High gluten is required for this so autolyse measurements have been provided. The gluten surface is very important for this one because the dough is not shaped as to retain as much air as possible. Use plenty of folds during ferment. Simply build up the bottom surface of the dough, using olive oil during folds for easy release, and tip out onto surface when fermented, divide and proof on surface.

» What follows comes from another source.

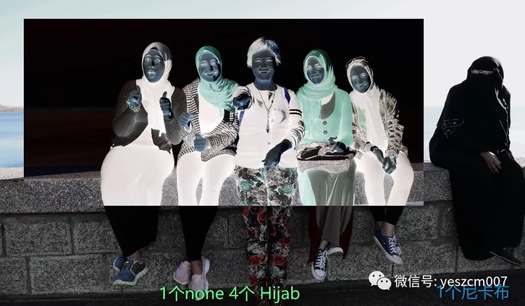 我拍到一组混合照,一个none(无遮蔽的中国人),四个Hijab,还有一个本能斜避的Niqab,这幅相片经过剪裁,可以做联合国教科文的宣传资料,她们和谐、自然的笑容可以感染全世界,但不剪裁才是真实的不和谐世界,Niqab显得格格不入,甚至有点让人害怕,这是原教旨和极端主义给我们留下的阴影。
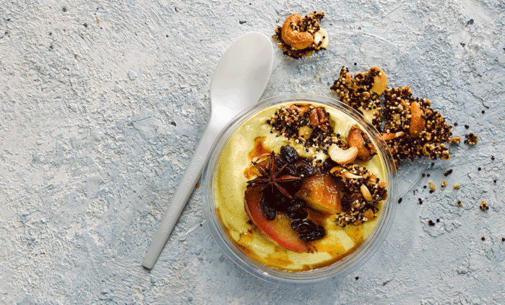 - To assemble, place equal amounts of the yoghurt mix into you packaging, top with equal amounts of sultana mix and finish with chunks of quinoa granola.

Classically, the polish (also known as "poolish" or "Vienna bread") was baked using only a preferment for leavening although now it is common to use yeast in addition to the preferment. This can be done and at any level up to a maximum of an additional 1.5%. Pre-ferment should be mixed in advance (temp from mixer 25°) and rested for 3h minimum (at 25°) or 16h minimum refrigerated (at 4°). The polish here is 69% hydration and makes up 15% of the flour weight. It is taken from Raymond Calvel's "Taste of Bread". The polish alone can be found on this site for reference.

Ingredients

Bakers % 500g total 1kg total 2kg total 3kg total 4kg total
Polish Flour 15% 42 84 169 253 337
Polish Water 10.35% 29 58 116 174 233
Polish Salt 0.3% 0.84 1.69 3.37 5 7
Polish Yeast 0.15% 0.42 0.84 1.69 2.53 3.37
White Flour 85% 239 478 955 1433 1910
Autolyse Water 50% 140 281 562 843 1124
Water 17.65% 50 99 198 297 397
Salt 1.7% 5 10 19 29 38

Percentage total: 178%
Values have been rounded where the error would not be significant (p < 0.05).